WORK INSTRUCTIONS.
As an exercise in exact copying, transcribe the lines below from the one holding "The Conservatives were" through the last, with both ends included and pictures left out.
(TASK DATA begins)
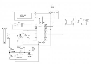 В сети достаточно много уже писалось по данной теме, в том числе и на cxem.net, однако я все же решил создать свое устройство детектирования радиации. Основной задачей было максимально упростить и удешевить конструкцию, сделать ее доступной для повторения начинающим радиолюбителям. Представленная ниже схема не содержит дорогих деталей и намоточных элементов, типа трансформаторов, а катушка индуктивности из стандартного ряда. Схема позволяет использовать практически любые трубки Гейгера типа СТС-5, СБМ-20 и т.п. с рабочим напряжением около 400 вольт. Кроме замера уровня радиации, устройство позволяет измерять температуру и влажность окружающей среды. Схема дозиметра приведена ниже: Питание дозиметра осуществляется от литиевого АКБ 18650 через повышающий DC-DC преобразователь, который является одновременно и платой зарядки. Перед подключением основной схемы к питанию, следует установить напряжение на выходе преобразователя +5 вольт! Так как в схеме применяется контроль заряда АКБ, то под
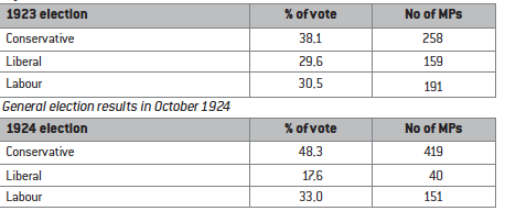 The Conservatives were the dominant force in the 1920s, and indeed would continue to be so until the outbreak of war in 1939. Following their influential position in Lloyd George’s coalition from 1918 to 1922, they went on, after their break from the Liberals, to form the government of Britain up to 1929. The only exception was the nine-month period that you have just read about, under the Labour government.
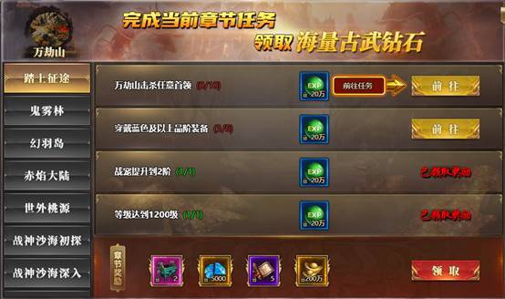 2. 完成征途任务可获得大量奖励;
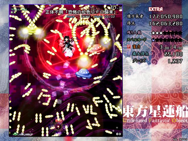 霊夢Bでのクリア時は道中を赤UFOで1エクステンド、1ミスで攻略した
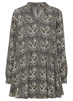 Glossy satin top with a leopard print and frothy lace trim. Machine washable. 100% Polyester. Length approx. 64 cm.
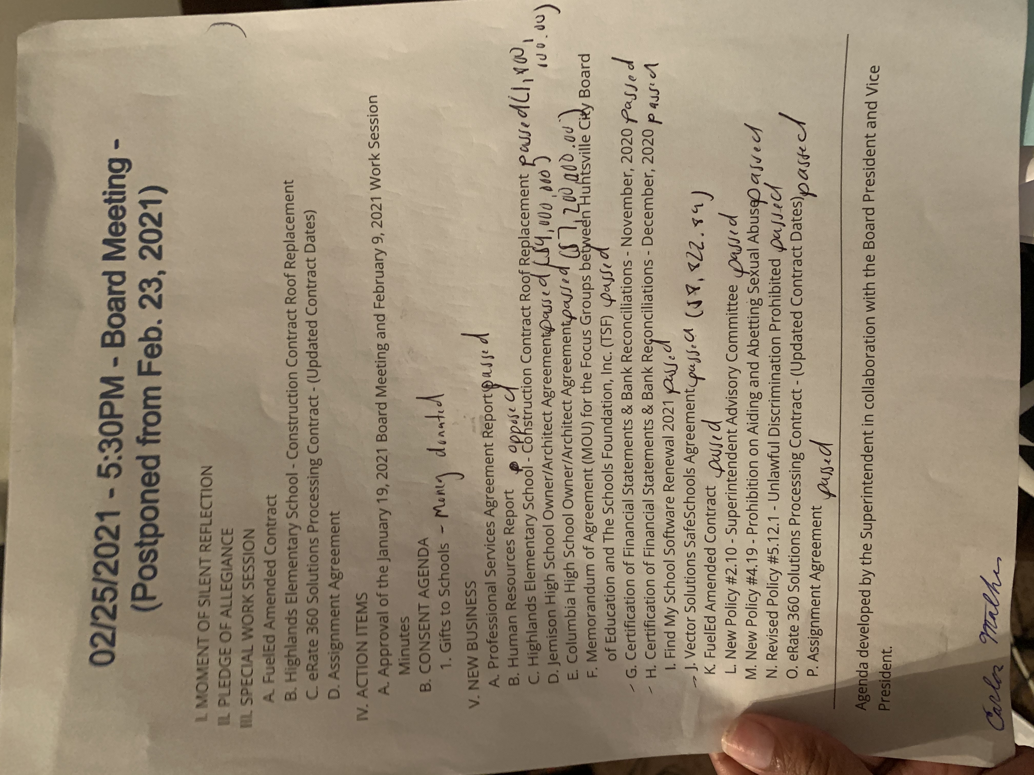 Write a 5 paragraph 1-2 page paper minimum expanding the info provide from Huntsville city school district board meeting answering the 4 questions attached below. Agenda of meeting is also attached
(TASK DATA ends)
RESPONSE TO THIS TASK.
 The Conservatives were the dominant force in the 1920s, and indeed would continue to be so until the outbreak of war in 1939. Following their influential position in Lloyd George’s coalition from 1918 to 1922, they went on, after their break from the Liberals, to form the government of Britain up to 1929. The only exception was the nine-month period that you have just read about, under the Labour government.
 2. 完成征途任务可获得大量奖励;
 霊夢Bでのクリア時は道中を赤UFOで1エクステンド、1ミスで攻略した
 Glossy satin top with a leopard print and frothy lace trim. Machine washable. 100% Polyester. Length approx. 64 cm.
 Write a 5 paragraph 1-2 page paper minimum expanding the info provide from Huntsville city school district board meeting answering the 4 questions attached below. Agenda of meeting is also attached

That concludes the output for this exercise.